Data records
════════════════════

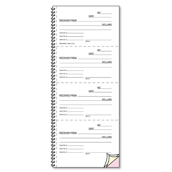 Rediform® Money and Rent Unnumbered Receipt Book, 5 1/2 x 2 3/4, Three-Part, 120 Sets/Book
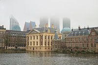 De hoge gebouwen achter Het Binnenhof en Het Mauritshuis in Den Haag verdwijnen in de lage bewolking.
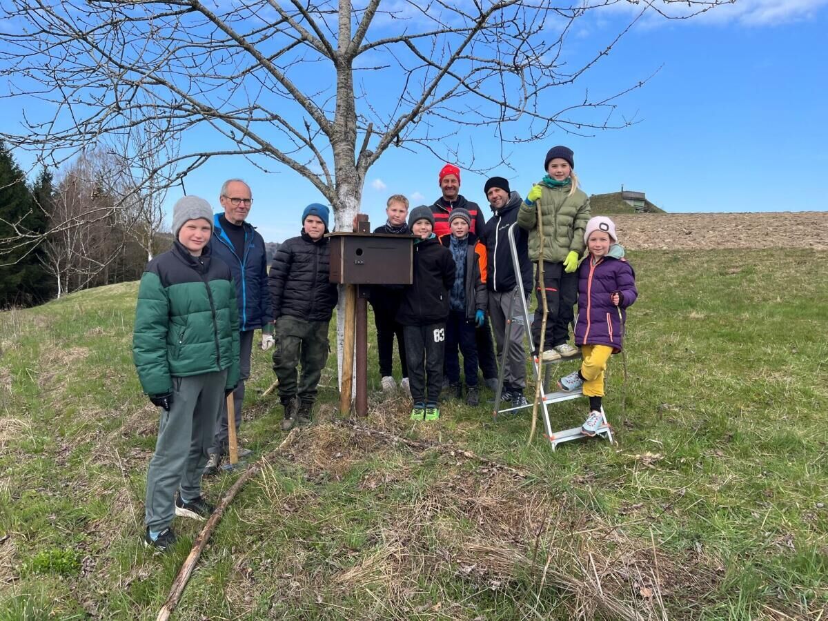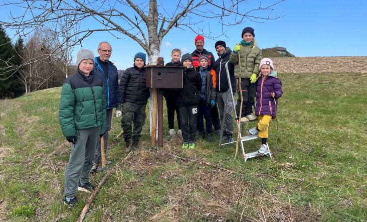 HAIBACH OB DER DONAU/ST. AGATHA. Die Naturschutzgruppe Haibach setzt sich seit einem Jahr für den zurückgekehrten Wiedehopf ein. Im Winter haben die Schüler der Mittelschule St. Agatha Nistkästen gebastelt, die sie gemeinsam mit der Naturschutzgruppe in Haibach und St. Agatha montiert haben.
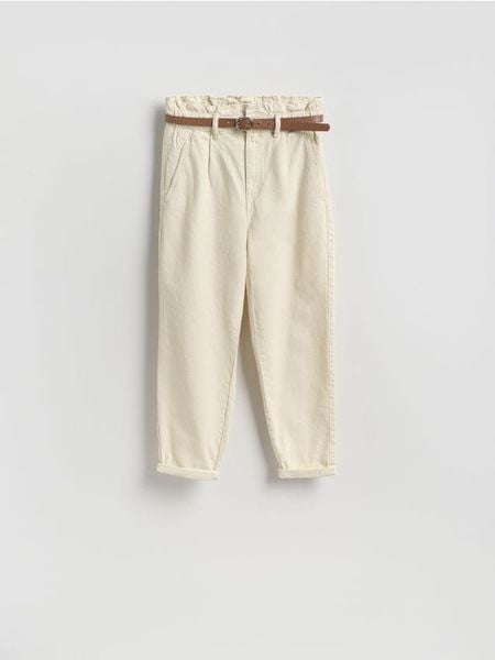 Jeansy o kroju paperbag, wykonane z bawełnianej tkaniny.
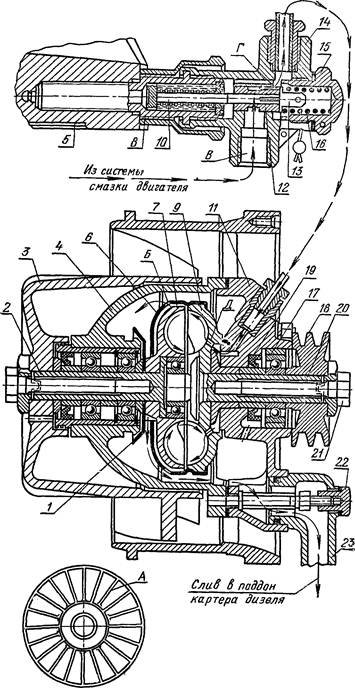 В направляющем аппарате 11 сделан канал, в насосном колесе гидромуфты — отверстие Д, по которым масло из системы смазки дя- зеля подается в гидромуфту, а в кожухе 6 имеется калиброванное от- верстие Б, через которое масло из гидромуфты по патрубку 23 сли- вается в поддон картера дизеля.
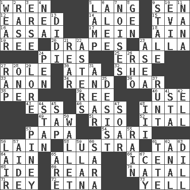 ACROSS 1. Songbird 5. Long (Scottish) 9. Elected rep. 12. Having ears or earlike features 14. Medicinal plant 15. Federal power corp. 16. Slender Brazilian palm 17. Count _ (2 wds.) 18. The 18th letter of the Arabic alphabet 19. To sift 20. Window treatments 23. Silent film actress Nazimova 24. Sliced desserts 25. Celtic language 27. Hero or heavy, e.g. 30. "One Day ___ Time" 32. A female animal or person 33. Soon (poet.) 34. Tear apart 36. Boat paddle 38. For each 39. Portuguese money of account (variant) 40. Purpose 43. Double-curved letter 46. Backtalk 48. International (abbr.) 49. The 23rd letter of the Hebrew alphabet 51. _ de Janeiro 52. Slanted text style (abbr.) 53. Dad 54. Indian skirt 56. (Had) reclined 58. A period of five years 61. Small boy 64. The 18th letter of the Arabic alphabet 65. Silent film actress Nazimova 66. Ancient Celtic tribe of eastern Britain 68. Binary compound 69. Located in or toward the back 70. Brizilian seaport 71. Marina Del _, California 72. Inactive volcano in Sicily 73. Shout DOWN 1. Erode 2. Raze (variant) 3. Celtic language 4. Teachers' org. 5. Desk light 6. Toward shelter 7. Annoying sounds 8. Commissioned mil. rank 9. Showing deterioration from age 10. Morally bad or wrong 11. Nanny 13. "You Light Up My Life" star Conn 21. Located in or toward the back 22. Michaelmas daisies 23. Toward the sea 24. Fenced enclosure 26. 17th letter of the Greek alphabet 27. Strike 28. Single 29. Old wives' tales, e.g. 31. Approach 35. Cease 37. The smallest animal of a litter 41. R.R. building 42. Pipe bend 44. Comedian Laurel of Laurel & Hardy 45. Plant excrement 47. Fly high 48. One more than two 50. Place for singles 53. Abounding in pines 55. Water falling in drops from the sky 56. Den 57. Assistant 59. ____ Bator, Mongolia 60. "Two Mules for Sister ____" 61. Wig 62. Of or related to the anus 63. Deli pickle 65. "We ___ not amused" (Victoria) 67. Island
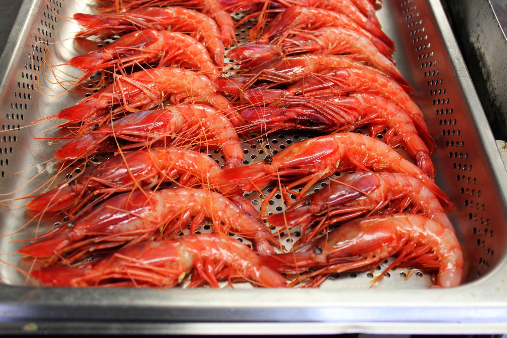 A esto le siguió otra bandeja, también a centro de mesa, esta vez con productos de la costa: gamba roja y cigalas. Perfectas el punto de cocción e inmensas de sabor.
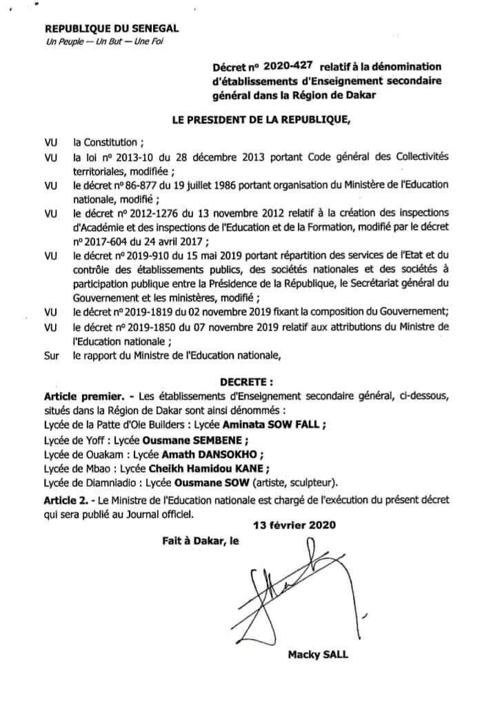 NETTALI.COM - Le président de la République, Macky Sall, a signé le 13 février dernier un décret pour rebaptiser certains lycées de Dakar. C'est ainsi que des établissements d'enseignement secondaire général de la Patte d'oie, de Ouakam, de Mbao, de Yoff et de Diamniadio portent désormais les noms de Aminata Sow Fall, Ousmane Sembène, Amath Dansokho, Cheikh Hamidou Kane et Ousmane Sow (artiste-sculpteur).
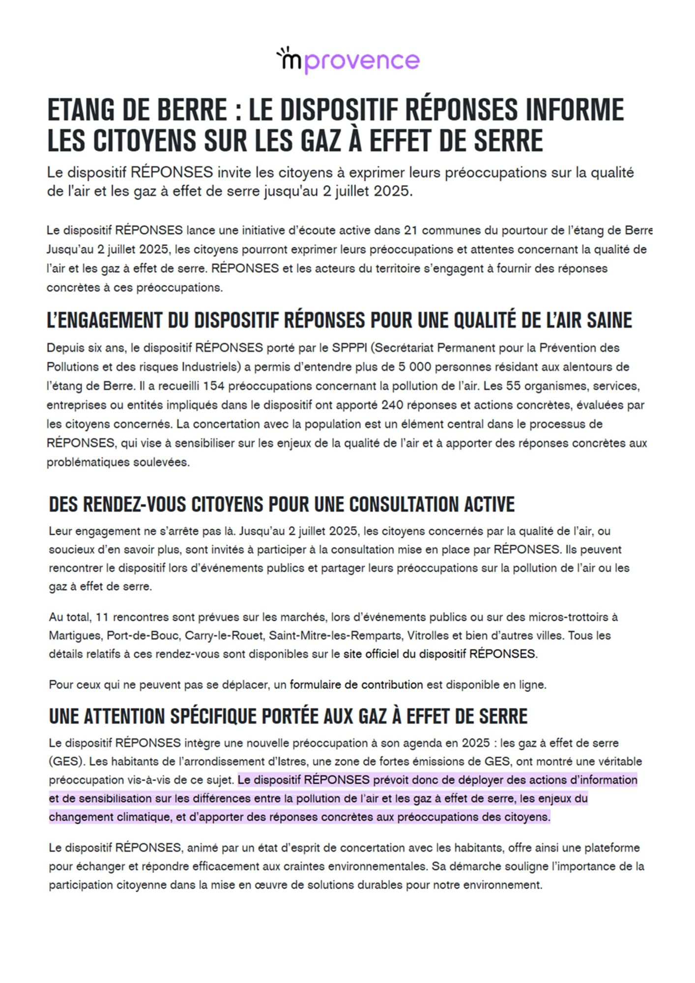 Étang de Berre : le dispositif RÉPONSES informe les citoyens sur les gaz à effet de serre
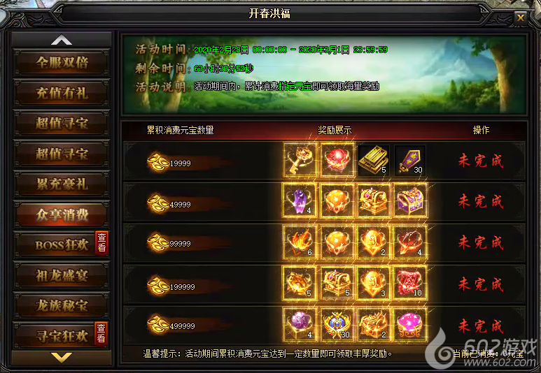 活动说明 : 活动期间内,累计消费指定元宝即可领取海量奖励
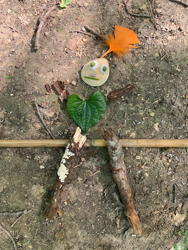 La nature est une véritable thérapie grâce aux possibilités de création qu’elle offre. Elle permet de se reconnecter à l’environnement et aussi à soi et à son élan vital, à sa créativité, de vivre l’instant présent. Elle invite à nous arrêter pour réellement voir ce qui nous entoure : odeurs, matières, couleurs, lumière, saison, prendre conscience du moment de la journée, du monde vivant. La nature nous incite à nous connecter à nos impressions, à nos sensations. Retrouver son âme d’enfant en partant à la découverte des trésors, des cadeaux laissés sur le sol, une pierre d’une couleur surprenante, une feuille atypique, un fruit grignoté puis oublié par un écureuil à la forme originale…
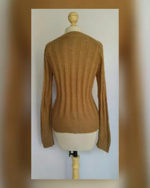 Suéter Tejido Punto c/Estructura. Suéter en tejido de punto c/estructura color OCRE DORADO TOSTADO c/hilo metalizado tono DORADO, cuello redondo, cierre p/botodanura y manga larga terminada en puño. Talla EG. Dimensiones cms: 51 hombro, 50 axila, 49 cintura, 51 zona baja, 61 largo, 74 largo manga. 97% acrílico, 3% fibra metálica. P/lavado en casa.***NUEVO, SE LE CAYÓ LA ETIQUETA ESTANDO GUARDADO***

════════════════════

Action item:
Those lines of the records above that run from the one containing "NETTALI.COM - Le" through the one containing "活动说明 : 活动期间内,累计消费指定元宝即可领取海量奖励" should be returned exactly, with no pictures among them.

Task output:
 NETTALI.COM - Le président de la République, Macky Sall, a signé le 13 février dernier un décret pour rebaptiser certains lycées de Dakar. C'est ainsi que des établissements d'enseignement secondaire général de la Patte d'oie, de Ouakam, de Mbao, de Yoff et de Diamniadio portent désormais les noms de Aminata Sow Fall, Ousmane Sembène, Amath Dansokho, Cheikh Hamidou Kane et Ousmane Sow (artiste-sculpteur).
 Étang de Berre : le dispositif RÉPONSES informe les citoyens sur les gaz à effet de serre
 活动说明 : 活动期间内,累计消费指定元宝即可领取海量奖励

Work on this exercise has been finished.